Some bill opponents said the only way to protect dividends is to enshrine them in the state constitution.

Even with the earnings draw, next year’s budget will have a roughly $800 million gap. The Legislature will likely turn to the CBR to close the gap. But it won’t have that option for many more years.

Gov. Walker said the bill is an important step. Walker generally takes time to review bills, but he said minutes after the House adopted it that he’ll sign it.

“You know, it’s not something we take lightly,” Walker said. “These are tough, tough decisions. There’s no question about it. But, you know, they had to be made.

Dividends would be $1,600 this year under the House and Senate budget proposals.

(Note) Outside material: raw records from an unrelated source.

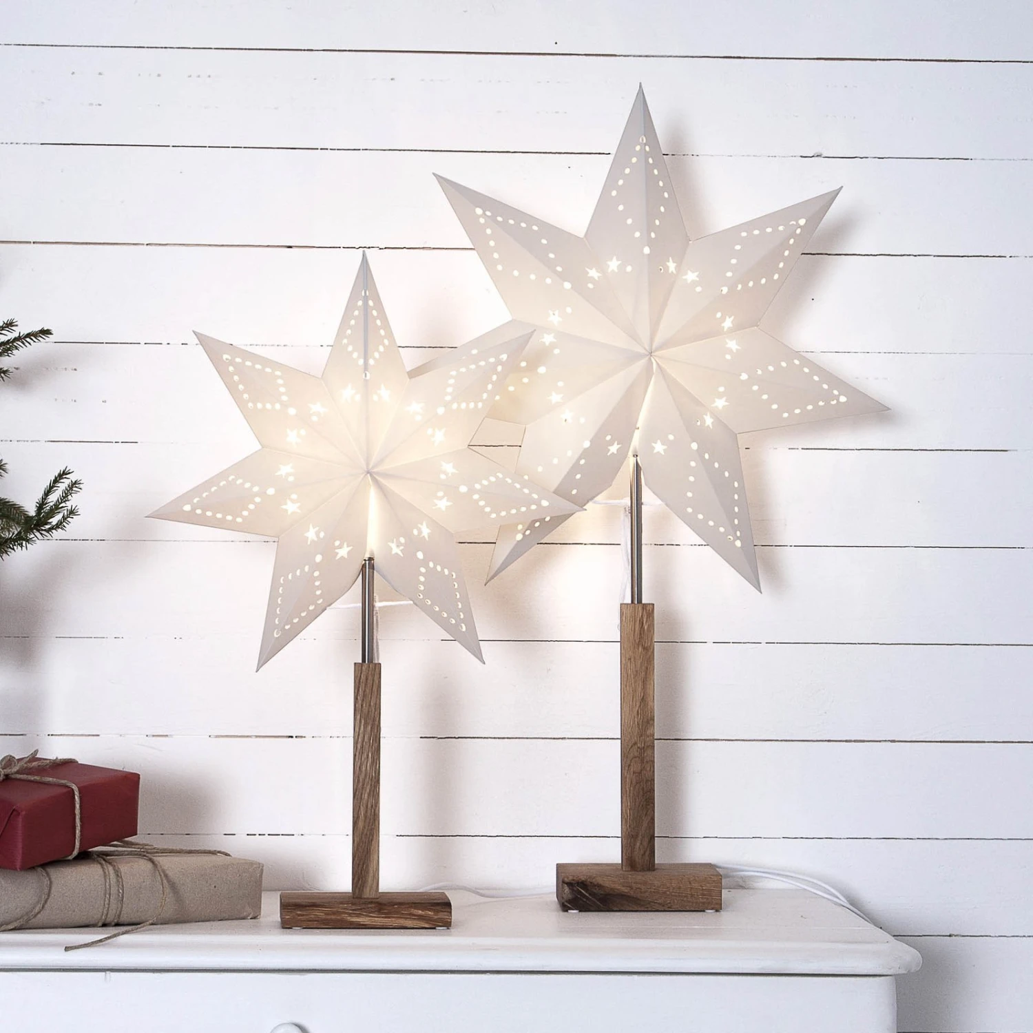 Einen sehr natürlichen Eindruck macht die mit Holz-Standfuß und Metallgestell bestückte Dekoleuchte Karo, die von einem siebenzackigen, aufwendig gemusterten Stern gekrönt wird. Dank ihres natürlichen Looks ist sie genau das richtige Dekoaccessoire für z. B. den skandinavischen Wohnstil.
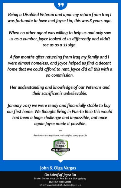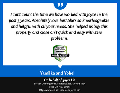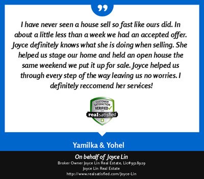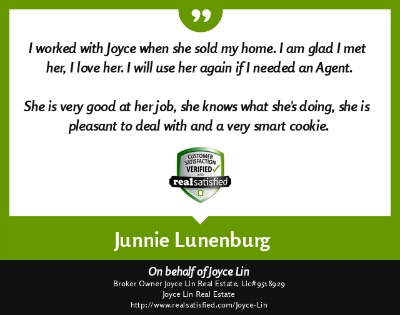 If you work with Joyce Lin, you will be working with someone that knows the meaning of customer service. She treated us like we were her only clients. She did whatever it took, and more, to help us find the right house and make sure we got to the closing table. I cant compliment her enough on the job she did. In Joyce we found a great Real Estate Agent and gained a friend as well. Great job, Joyce!" ~ Robert A. & Nayara A. ~ 2010 |
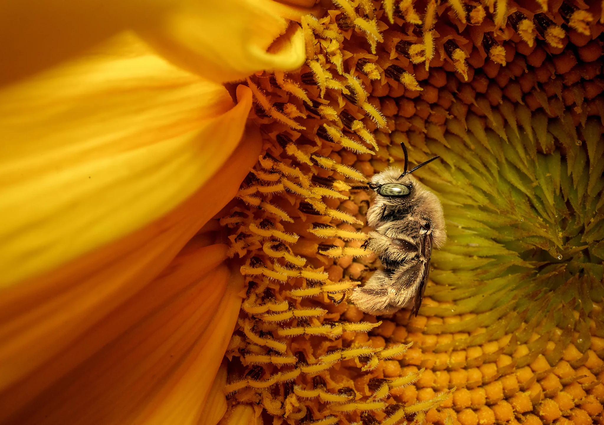 Μια όμορφη, αλλά τεχνικά εξαιρετική λήψη, η οποία δείχνει μια μέλισσα ηλιοτροπίου να ξεκουράζεται μέσα σε έναν ηλιάνθιο, ίσως μετά από μία κουραστική μέρα εργασίας στην επικονίαση των φυτών. Μία υπενθύμιση για τη σημασία των μικρών οργανισμών και για την ισορροπία των οικοσυστημάτων.
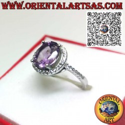 Dieser elegante Ring ist ein raffiniertes Schmuckstück, das mit seiner Zartheit und Brillanz besticht. Gefertigt aus 925er Sterlingsilber, präsentiert er einen prächtigen natürlichen Amethyst im runden oder ovalen Schliff, der innerhalb eines funkelnden Kreises zu "schweben" scheint. Dieser Kreis ist fein mit einer Vielzahl von weißen Zirkonia (CZ) besetzt, die seine Leuchtkraft verstärken und einen faszinierenden Kontrast zum tiefen Lila des Amethysts bilden. Das einzigartige Design verleiht dem Ring ein modernes und gleichzeitig klassisches Aussehen, wodurch er perfekt für jeden Anlass ist, sei es ein besonderes Ereignis oder ein Hauch von Alltags-Eleganz.
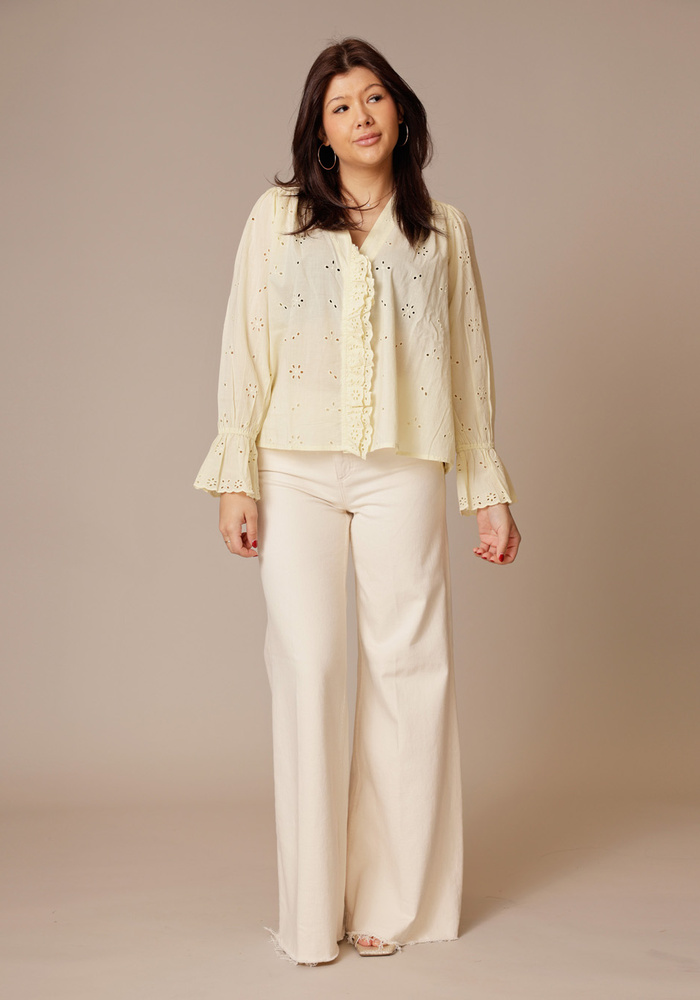 De Cayssa van Berenice is een mooie broderie blouse met lange mouwen met elastische manchetten.
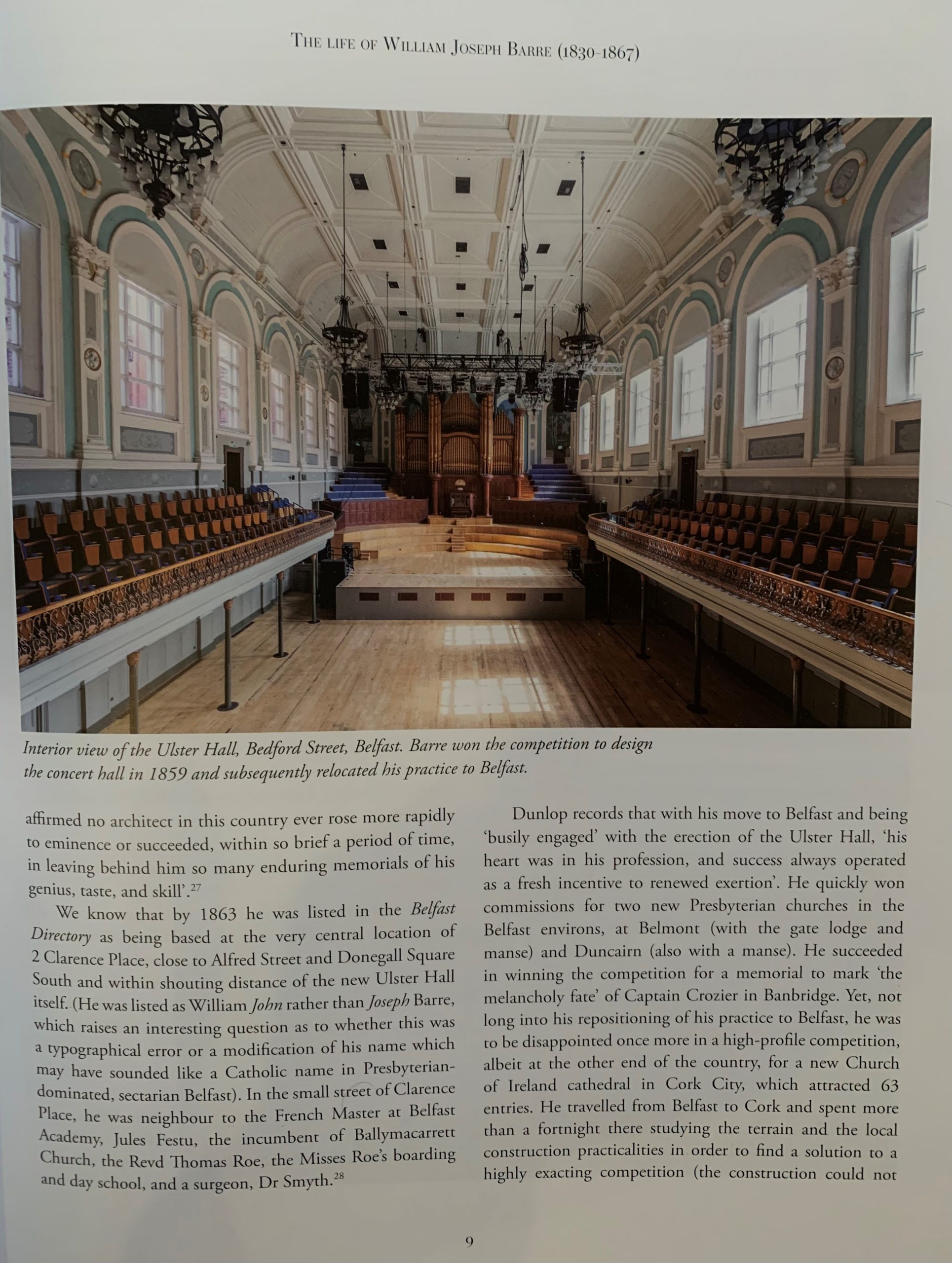 The architect William Joseph Barre (1830-1867), a native of Newry, Co. Down, who moved his practice to a burgeoning Belfast in 1860, was one of Ulster’s very best Victorian designers. His body of work is worthy of capture and is celebrated anew in this comprehensive, beautifully illustrated monograph by Dr Paul Harron.
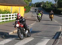 Thruxton -04, og Frank på en lånt blå Thruxton -06. Så har vi Bjørn på den orange
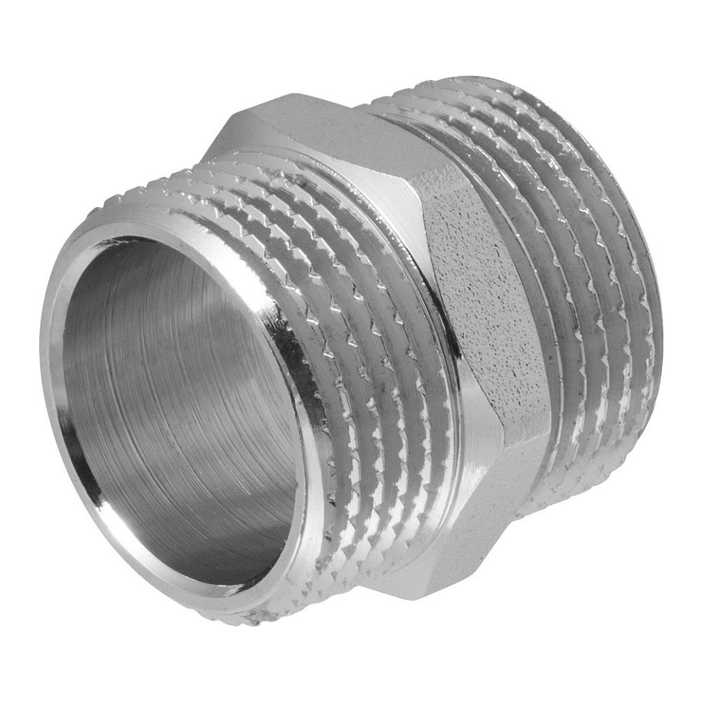 Ниппель сантехнический ¾" на ¾" н/н латунный MPF ИС.072165, также называемый бочонком ¾", предназначен для соединения однородных элементов трубопроводов в системах холодного и горячего водоснабжения, а также отопления. Ниппель имеет форму цилиндра с внешней резьбой. Для обеспечения надежного и герметичного соединения при его установке рекомендуется применять уплотнительные материалы: сантехнический лен с пастой и/или тефлоновую ленту (ФУМ-ленту) и/или аэробный герметик.Ниппель ¾" изготовлен методом горячей объемной штамповки (ГОШ). Бочонок выполнен из высококачественной латуни CW617N и имеет никелированное покрытие толщиной не менее 7 мкм, что обеспечивает устойчивость к коррозии и допускает использование фитинга в системах питьевого водоснабжения благодаря пониженному содержанию свинца в сплаве. Для удобства монтажа каждый ниппель оснащен участком шестигранной формы под гаечный и/или разводной ключ.Соединение является разъемным, что позволяет при необходимости проводить обслуживание участка трубопровода, а также дает возможность повторного использования резьбового ниппеля. Вся линейка фитингов MPF прошла испытания в соответствии с ГОСТ Р 51372-99 «Методы ускоренных испытаний на долговечность и сохраняемость» в испытательной лаборатории ВНИИЦИ. По результатам испытаний получен протокол, подтверждающий предполагаемый срок службы фитингов без проявления признаков коррозии не менее 25 лет.
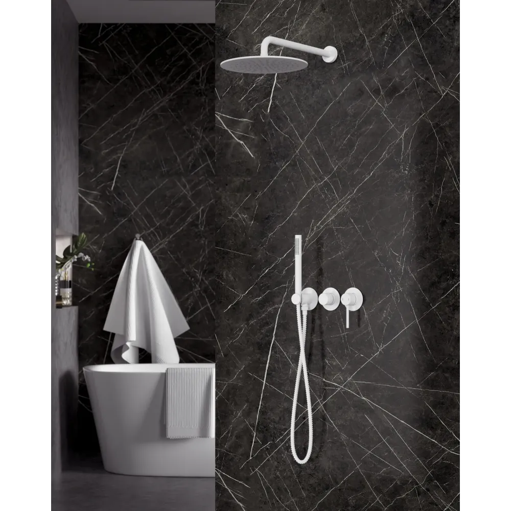 Встраиваемая душевая система Saona 2349, предназначена для монтажа в полой или твердой стене. Основные преимущества встроенной системы: коммуникации, крепления и механизмы спрятаны в стену и видны только декоративные элементы. Установить встроенную систему можно в любом месте. Использовать такой смеситель очень удобно, регулировка температуры и напора воды осуществляется одним рычагом. Регулируя напор воды в режиме "тропический душ", можно получить массажное воздействие различной интенсивности. Переключение режимов подачи воды (тропический душ, ручная лейка) осуществляется поворотом керамического дивертора. Сложностей монтажа не возникает при установке элементов душевой системы опытным сантехником. Внимательно изучите инструкцию по монтажу.
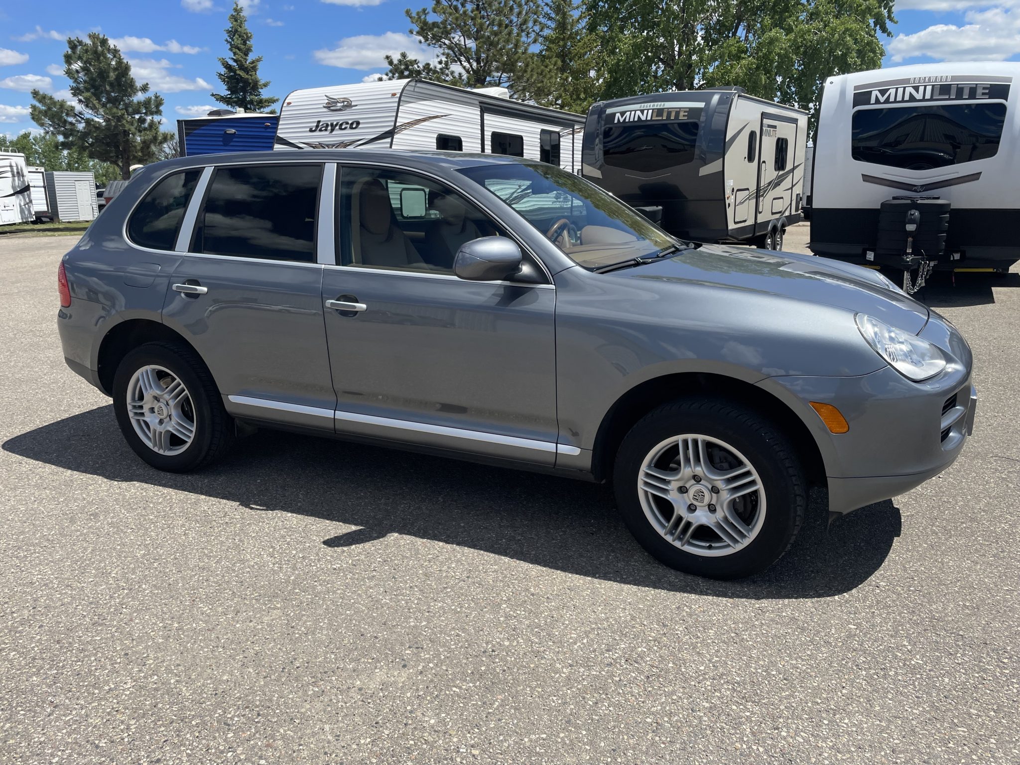 The 18″ Cayenne S II alloy wheels are mounted with 255/55 Toyo Versado CUV tires. Stopping power is from Porsche-branded calipers over ventilated rotors at each corner.

For the third straight year, dividends would be more than $1,000 less than they would be under the formula written into state law.

The Senate passed the bill on a 13 to 6 vote, with Palmer Republican Sen. Shelley Hughes joining the five minority-caucus Democrats in voting no.

The House passed it, 23 to 17. The majority caucus voted 15 to 7 in favor, while eight minority-caucus Republicans voted in favor and 10 voted no.

The bill is a major step toward the Legislature finishes its work on the budget and ending the session.